Memorial Fictions offers a major reassessment of Willa Cather's career and artistic achievements, provides a plethora of information on popular culture during and immediately after the Great War, and demonstrates the importance of literature as a cultural forum for addressing issues and ideas fundamental to American culture.
Based on extensive archival research and a variety of scholarly sources drawn from several disciplines, Steven Trout shows how Cather's analysis of the First World War in One of Ours and The Professor's House represents a considerable accomplishment, one worthy of standing next to her groundbreaking treatment of Nebraska settlers in O Pioneers! and My Ántonia and her virtual reinvention of the historical novel in Death Comes for the Archbishop and Shadows on the Rock. Furthermore, he argues that Cather's First World War–related fiction deserves consideration alongside such established classics as Ernest Hemingway's A Farewell to Arms, Erich Maria Remarque's All Quiet on the Western Front, and Vera Brittain's Testament of Youth.
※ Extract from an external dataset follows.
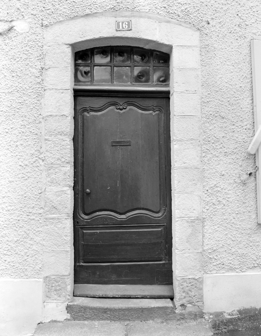 Détail menuiserie de la porte d'entrée, vue générale (vantail et imposte)Immatriculation
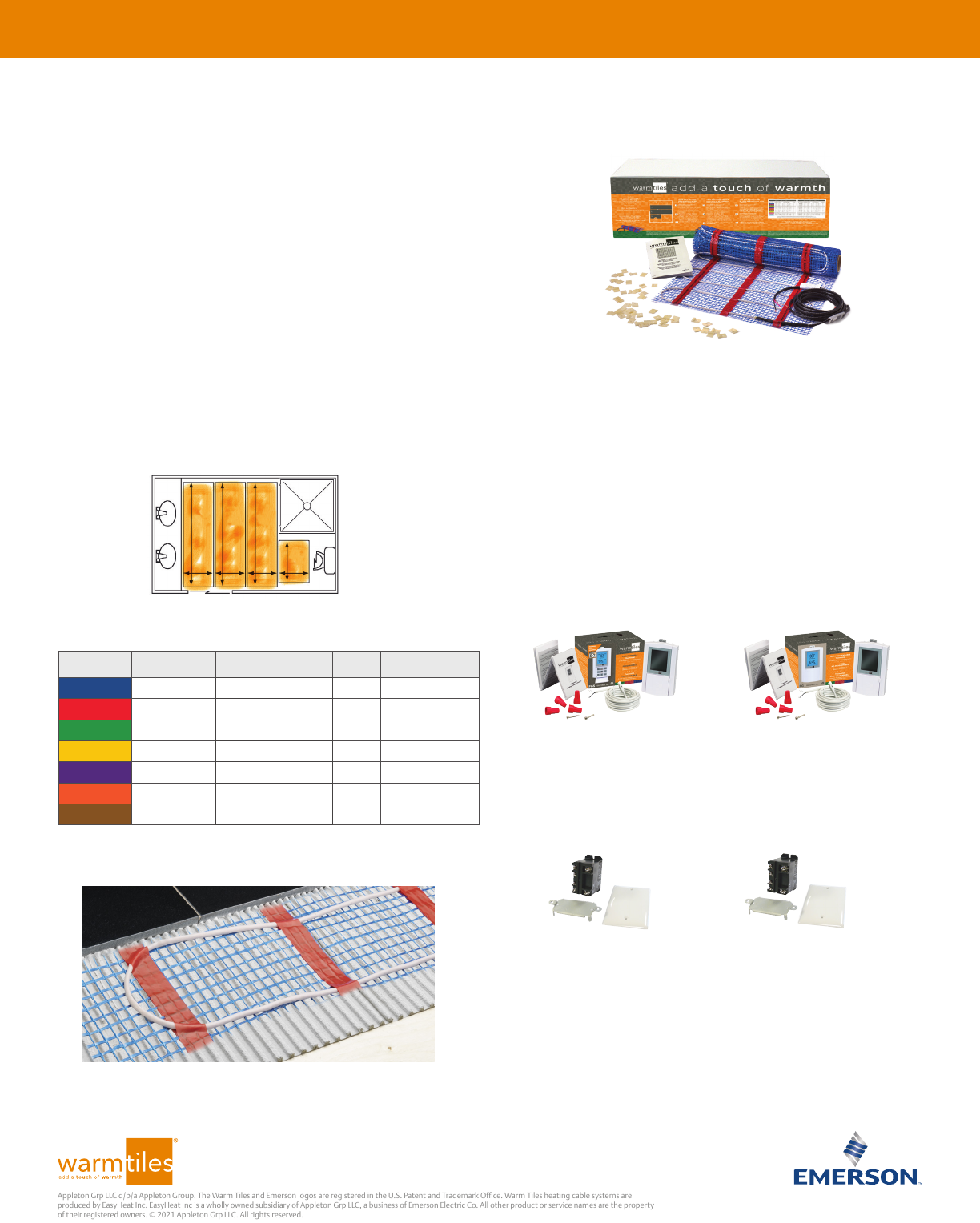 Appleton Grp LLC d/b/a Appleton Group. The Warm Tiles and Emerson logos are registered in the U.S. Patent and Trademark Ofce. Warm Tiles heating cable systems are

Though awarded the Pulitzer Prize in 1923, One of Ours was a frequently maligned and misunderstood book. Contemporary male reviewers reviled the work, and it has been Cather's most neglected novel among later generations of readers and scholars. Trout not only reevaluates the impact of the First World War on Cather's fiction but also demonstrates that One of Ours, far from representing a dubious achievement within the Cather canon, renders the American experience of the war with prophetic insight and considerable imaginative vigor. He also offers a detailed reappraisal of The Professor's House, showing it to be a novel haunted by the phantomlike presence of the Great War.